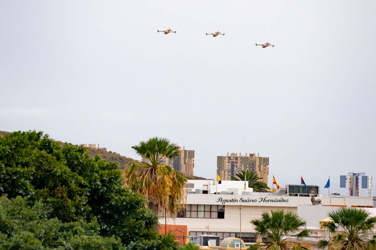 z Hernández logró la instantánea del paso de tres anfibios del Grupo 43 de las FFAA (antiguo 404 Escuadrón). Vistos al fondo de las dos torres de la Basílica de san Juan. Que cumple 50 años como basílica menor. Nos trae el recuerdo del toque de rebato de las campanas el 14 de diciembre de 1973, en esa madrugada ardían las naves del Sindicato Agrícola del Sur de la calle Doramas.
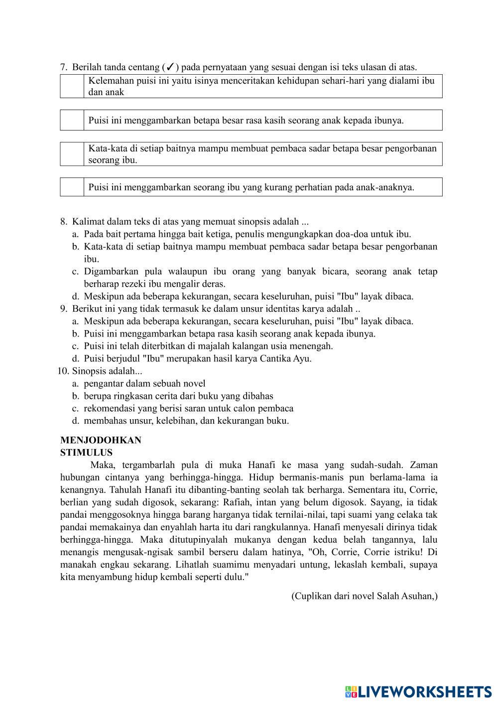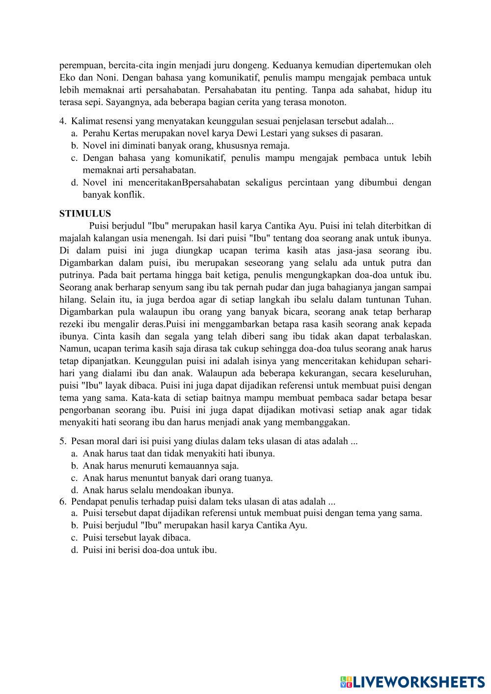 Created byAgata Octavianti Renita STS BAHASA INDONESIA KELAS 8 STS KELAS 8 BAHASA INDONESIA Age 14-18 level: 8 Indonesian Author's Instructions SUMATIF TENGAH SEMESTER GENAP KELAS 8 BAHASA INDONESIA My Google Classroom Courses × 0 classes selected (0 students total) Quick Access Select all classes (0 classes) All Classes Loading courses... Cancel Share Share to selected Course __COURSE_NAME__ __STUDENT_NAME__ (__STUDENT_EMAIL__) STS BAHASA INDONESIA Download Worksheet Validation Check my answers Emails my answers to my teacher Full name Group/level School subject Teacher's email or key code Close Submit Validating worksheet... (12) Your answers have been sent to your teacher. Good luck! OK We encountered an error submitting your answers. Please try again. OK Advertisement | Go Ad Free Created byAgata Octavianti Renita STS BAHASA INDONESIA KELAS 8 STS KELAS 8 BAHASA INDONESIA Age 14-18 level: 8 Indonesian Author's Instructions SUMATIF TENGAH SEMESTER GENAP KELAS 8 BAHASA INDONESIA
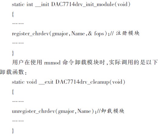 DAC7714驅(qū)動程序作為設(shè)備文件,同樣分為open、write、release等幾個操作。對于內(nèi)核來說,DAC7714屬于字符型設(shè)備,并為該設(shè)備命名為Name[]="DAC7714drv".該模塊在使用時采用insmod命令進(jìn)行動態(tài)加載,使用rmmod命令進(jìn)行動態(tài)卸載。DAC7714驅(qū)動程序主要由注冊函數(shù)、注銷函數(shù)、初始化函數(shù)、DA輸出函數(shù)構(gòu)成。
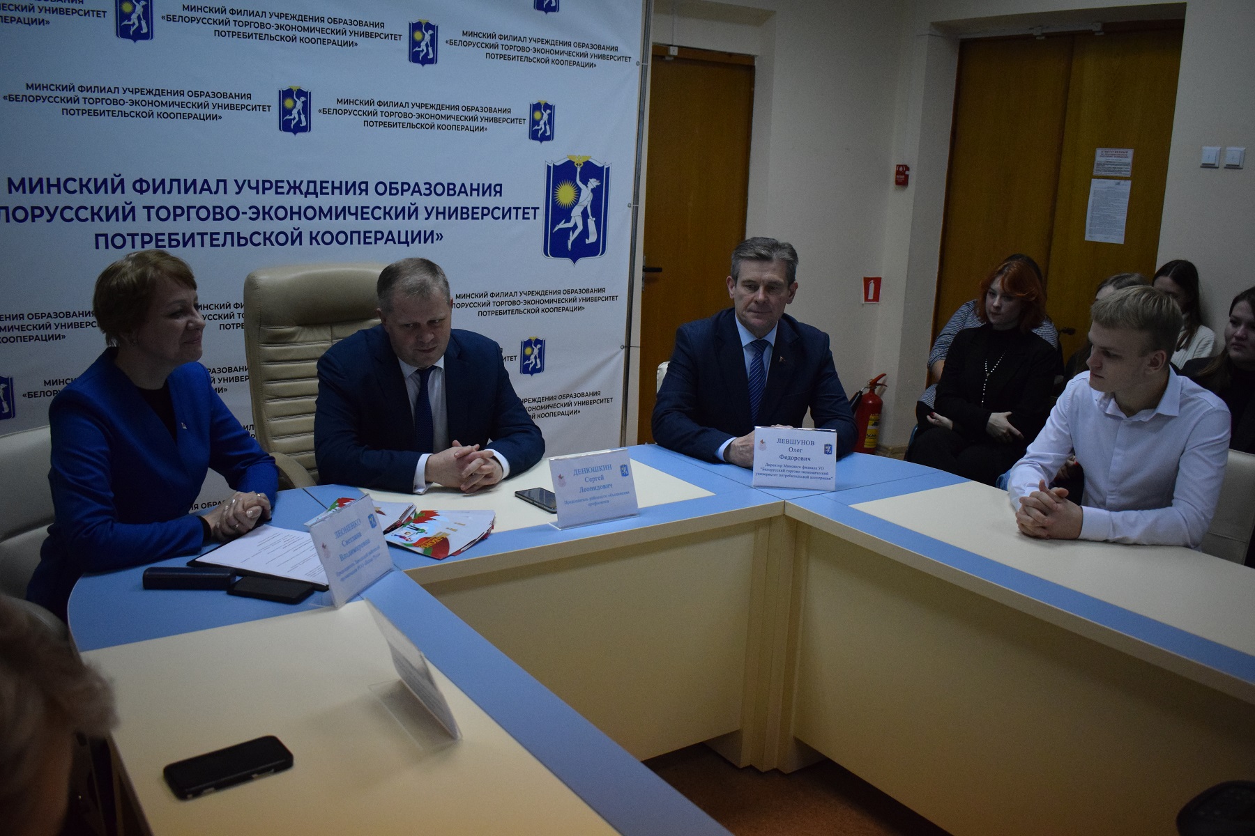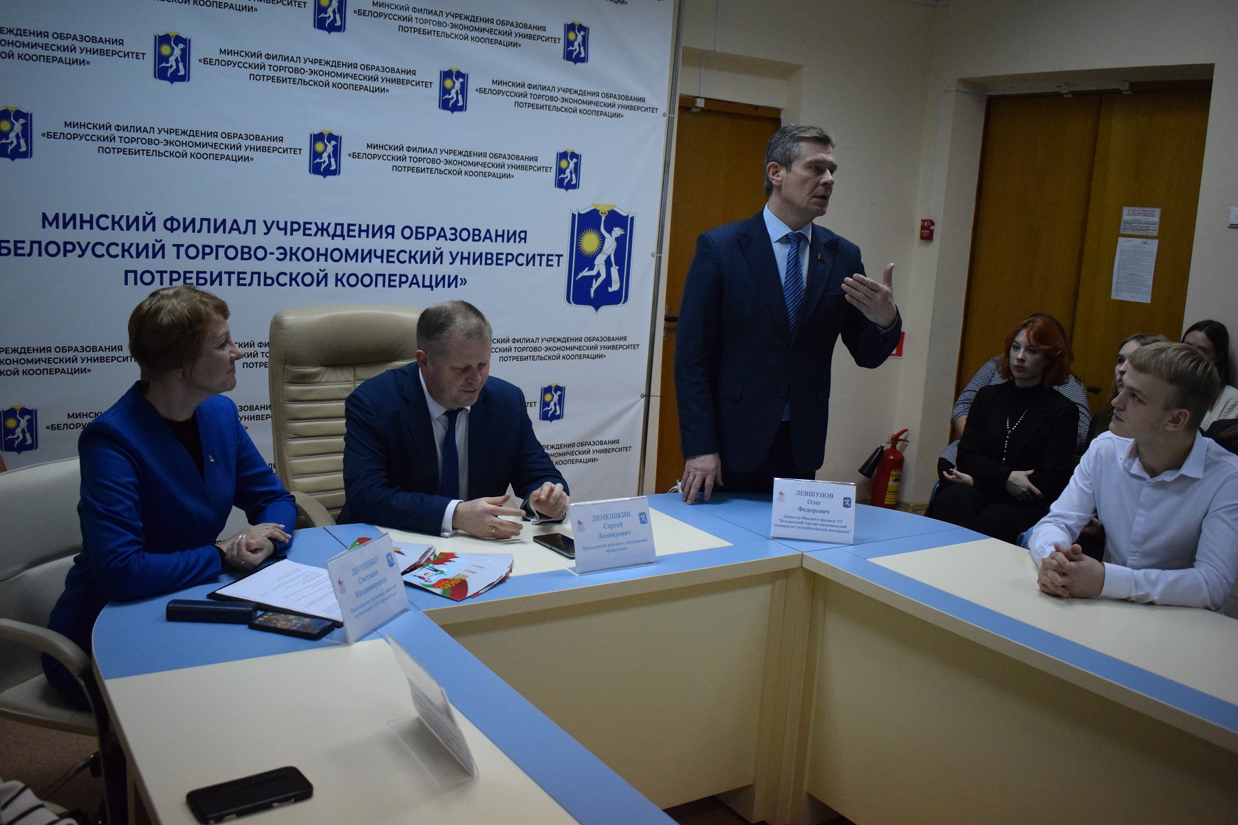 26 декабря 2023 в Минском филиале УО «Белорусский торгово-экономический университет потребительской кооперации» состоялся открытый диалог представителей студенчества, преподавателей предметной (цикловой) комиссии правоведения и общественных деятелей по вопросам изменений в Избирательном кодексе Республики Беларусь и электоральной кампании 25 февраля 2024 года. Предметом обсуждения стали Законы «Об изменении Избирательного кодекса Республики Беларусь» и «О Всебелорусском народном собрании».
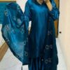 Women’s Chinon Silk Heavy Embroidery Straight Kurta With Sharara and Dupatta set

_ _ _ _ _

§ Action item
Transcribe every line from the one with "DAC7714驅(qū)動程序作為設(s" to the last line of the records above, exactly, excluding pictures.

§ Response for this exercise
 DAC7714驅(qū)動程序作為設(shè)備文件,同樣分為open、write、release等幾個操作。對于內(nèi)核來說,DAC7714屬于字符型設(shè)備,并為該設(shè)備命名為Name[]="DAC7714drv".該模塊在使用時采用insmod命令進(jìn)行動態(tài)加載,使用rmmod命令進(jìn)行動態(tài)卸載。DAC7714驅(qū)動程序主要由注冊函數(shù)、注銷函數(shù)、初始化函數(shù)、DA輸出函數(shù)構(gòu)成。
 26 декабря 2023 в Минском филиале УО «Белорусский торгово-экономический университет потребительской кооперации» состоялся открытый диалог представителей студенчества, преподавателей предметной (цикловой) комиссии правоведения и общественных деятелей по вопросам изменений в Избирательном кодексе Республики Беларусь и электоральной кампании 25 февраля 2024 года. Предметом обсуждения стали Законы «Об изменении Избирательного кодекса Республики Беларусь» и «О Всебелорусском народном собрании».
 Women’s Chinon Silk Heavy Embroidery Straight Kurta With Sharara and Dupatta set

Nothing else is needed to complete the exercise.